In global energy circles, the most consequential deals are often not the loudest. They unfold quietly, reshape portfolios, recalibrate value, and only later reveal their full significance.

The recent strategic transaction between Conoil Producing Limited and TotalEnergies belongs firmly in that category. A deal whose implications stretch beyond balance sheets into Nigeria’s long-troubled oil production narrative.

For Mike Adenuga, named The Boss of the Year 2025 by The Boss Newspapers, the agreement is more than a corporate milestone.
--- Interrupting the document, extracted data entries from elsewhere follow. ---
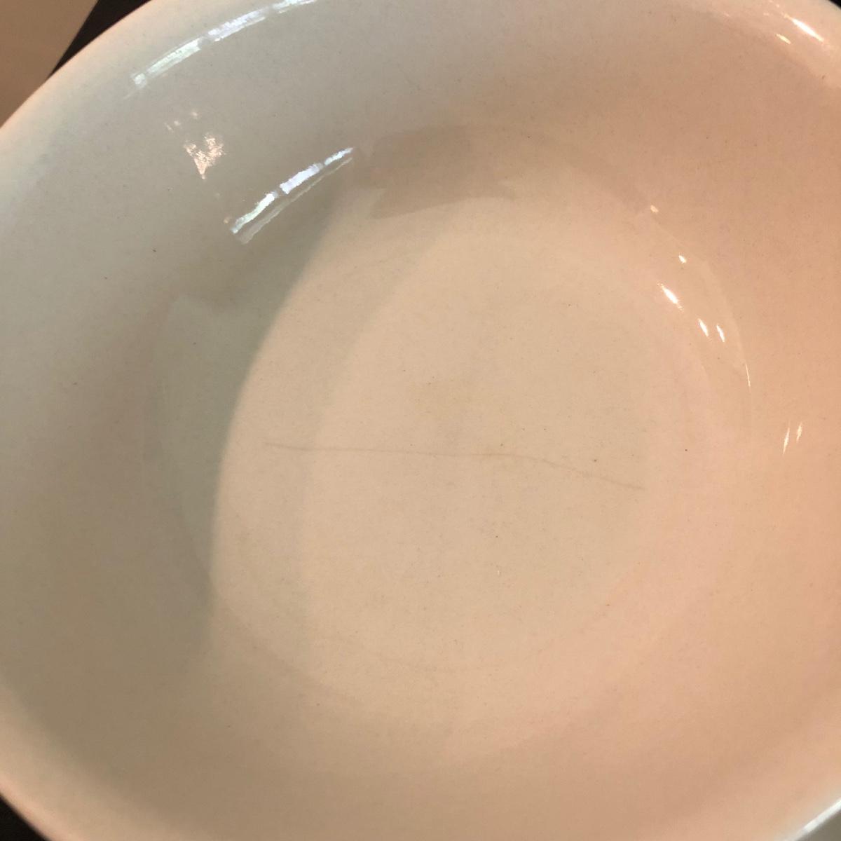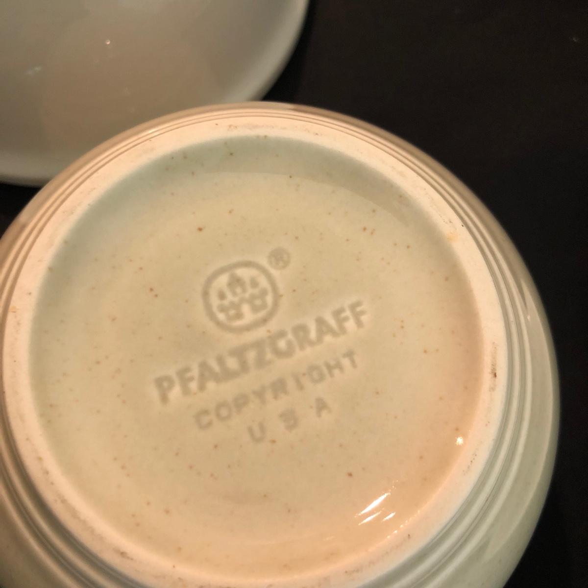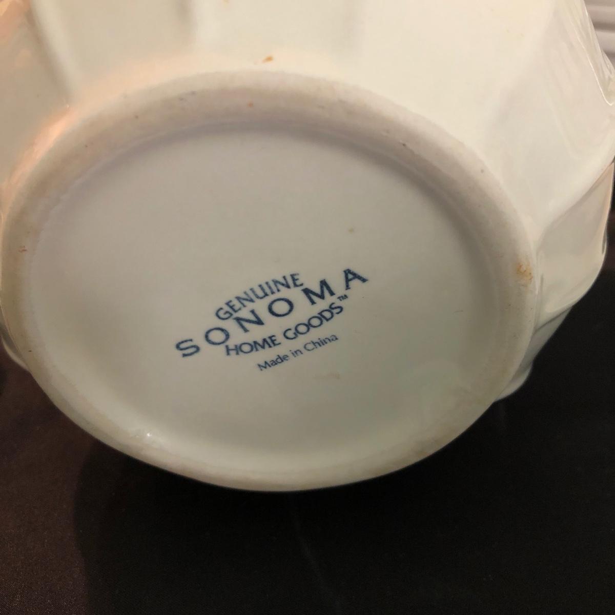 This white dishware collection includes 21 pieces of dishware, 6 glass goblets, and 1 signed print of a painting. The dishware includes 5 bowls and 1 platter by Pfaltzgraff USA, 8 saucers by Tuxton, 1 plate by Royal Norfolk, and a container with lid by Sonoma Home Goods. The print of a kitchen themed painting is framed in silver, matted, and signed. The six goblets are made of glass and measure 3.5” in diameter and about 7” tall. One of the 5 bowls with no marks on the base does have a crack in the base as pictured. Shipping available.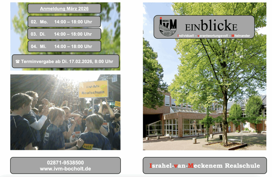 Am Samstag, 29.11.2025, von 10:00 -13:00 Uhr, ermöglicht die Israhel-van-Meckenem Realschule Einblicke in ihr Schulleben.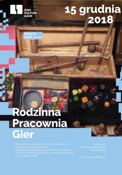 Warsztaty dla dzieci w wieku 6 – 9 lat wraz z opiekunami. Zapraszamy na wyjątkowy cykl zajęć międzypokoleniowych, gdzie wspólnie poznamy i wykonamy gry i zabawki z różnych zakątków świata. Własnoręcznie wykonamy np. zestawy do gry w Mollky, Kubba, Mankalę, podwórkowe bączki lub zestaw do Kippy. Przy okazji poznamy i przyjrzymy się nie tylko zwyczajom i tradycjom z całego świata, ale również wykorzystamy wiele naturalnych i recyklingowych materiałów. Będziemy pracować m.in. gliną, drewnem i wikliną, ale również rzeczami, które, na co dzień lądują w naszym koszu. Razem polepimy, popiłujemy, poszyjemy i pomalujemy. Inspiracją dla nas będą gwarne podwórka przedwojennej Warszawy, zabawy z Dalekiego Wschodu, czy Ameryki Południowej i gry skandynawskie.
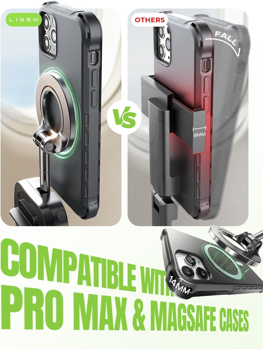 360° Flexible for MagSafe Travel Stand:The LISEN for MagSafe Airplane Phone Holder Mount locks your phone in 0.1 seconds, offering 360° rotation for perfect viewing angles. A TikTok Trend Items TOP10, loved by creators for video recording.

It is the culmination of a long-term upstream strategy that is now translating into hard value barrels, cash flow, and renewed confidence in indigenous capacity.

At the heart of the transaction is a portfolio rebalancing agreement that sees TotalEnergies deepen its interest in an offshore asset while Conoil consolidates full ownership of a producing block critical to its medium-term growth trajectory. The parties have not publicly disclosed the monetary value, industry analysts place similar offshore and shallow-water asset transfers in the high hundreds of millions of dollars, depending on reserve certification and development timelines. What is indisputable, however, is the deal’s structural clarity: each partner exits with assets aligned to its strategic strengths.
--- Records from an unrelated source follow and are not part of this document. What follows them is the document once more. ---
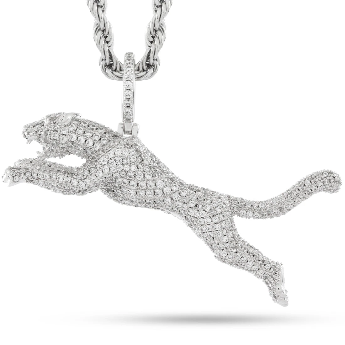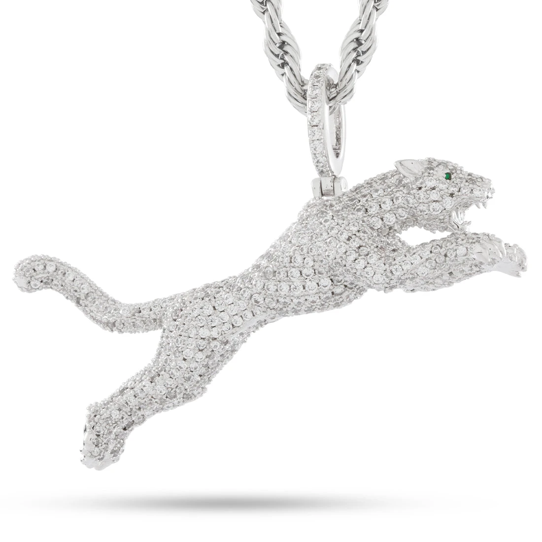 This fully detailed pendant features a 360-degree design with stones on every surface. Green eyes sit above the intricate fangs and claws, giving this Jaguar a fierce look that catches light from all angles.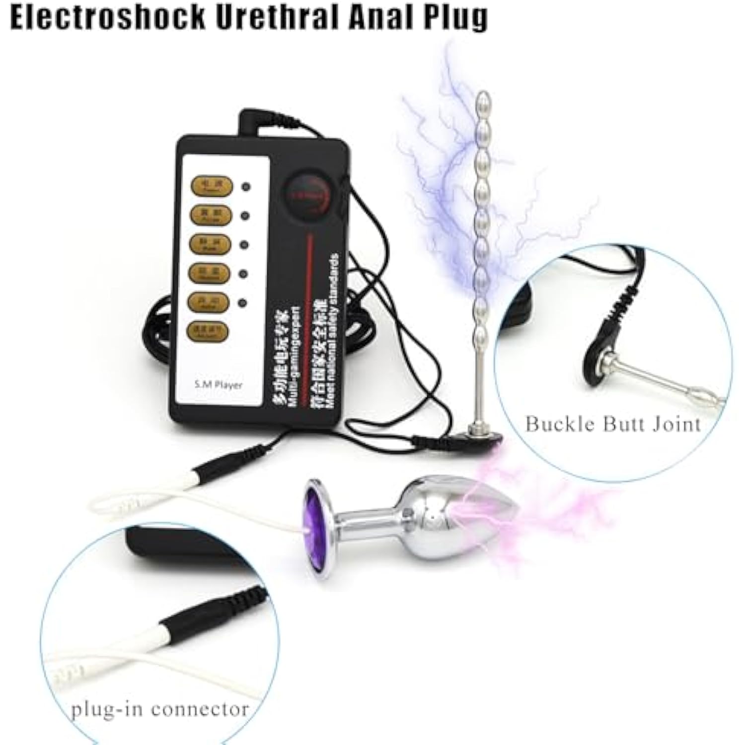Adult Sex Toys Urethral Sound Electric Shock Stimulation Anal Plug Chastity Devices Metal Dilator Penis Set With Host Bdsm Fetish Bondage Prostate Massager (S)
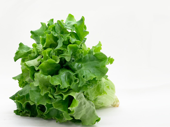 彩菜⽣活の⼯場で作られたリーフレタスは、加⼯⽤のためスーパーなどで⾒かけるものよりも⼤ぶり

For Conoil, the transaction represents something more profound than asset shuffling. It is the validation of an indigenous oil company’s ability to operate, produce, and partner at scale. That validation was already underway in 2024, when Conoil achieved a landmark breakthrough: the successful production and export of Obodo crude, a new Nigerian crude blend from its onshore acreage.

In a country where new crude streams have become rare, Obodo’s emergence signalled operational maturity. More importantly, it shifted Conoil from being perceived primarily as a downstream and marginal upstream player into a full-spectrum producer with export-grade assets.

The commercial impact was immediate. Obodo crude enhanced Conoil’s revenue profile, strengthened cash flows, and materially improved the company’s asset valuation.

For Mike Adenuga, Obodo represented something else entirely: oil income with scale and durability. Producing crude shifts wealth from theoretical to realised. It is the difference between potential and proof.

That momentum was reinforced by Conoil’s acquisition of a new drilling rig, a move that underscored its intent to control not just resources, but execution. In an industry where rig availability often dictates production timelines, owning modern drilling capacity gives Conoil a strategic advantage lowering costs, reducing dependency, and accelerating development cycles. It also enhances the company’s bargaining power in partnerships such as the one with TotalEnergies.

Taken together, the Obodo crude success, the rig acquisition, and the TotalEnergies transaction, these moves materially expand Conoil’s enterprise value. While private company valuations remain opaque, upstream assets with proven production, infrastructure control, and international partnerships typically command significant multiple expansion. For Adenuga, all of these represents a stabilising and appreciating pillar of wealth.

As The Boss Newspapers honours Mike Adenuga as Boss of the Year 2025, the recognition lands at a moment when his oil ambitions are no longer peripheral to his legacy. They are central. In Obodo crude, in steel rigs, and in carefully negotiated partnerships, Adenuga is shaping a version of Nigerian capitalism that privileges patience, scale, and execution over spectacle.

In the end, the most powerful statement of wealth is not net worth rankings or headlines. It is the ability to convert strategy into assets, assets into production, and production into national relevance. On that score, the Conoil–TotalEnergies deal may well stand as one of the most consequential chapters in Mike Adenuga’s business story and in Nigeria’s evolving oil future.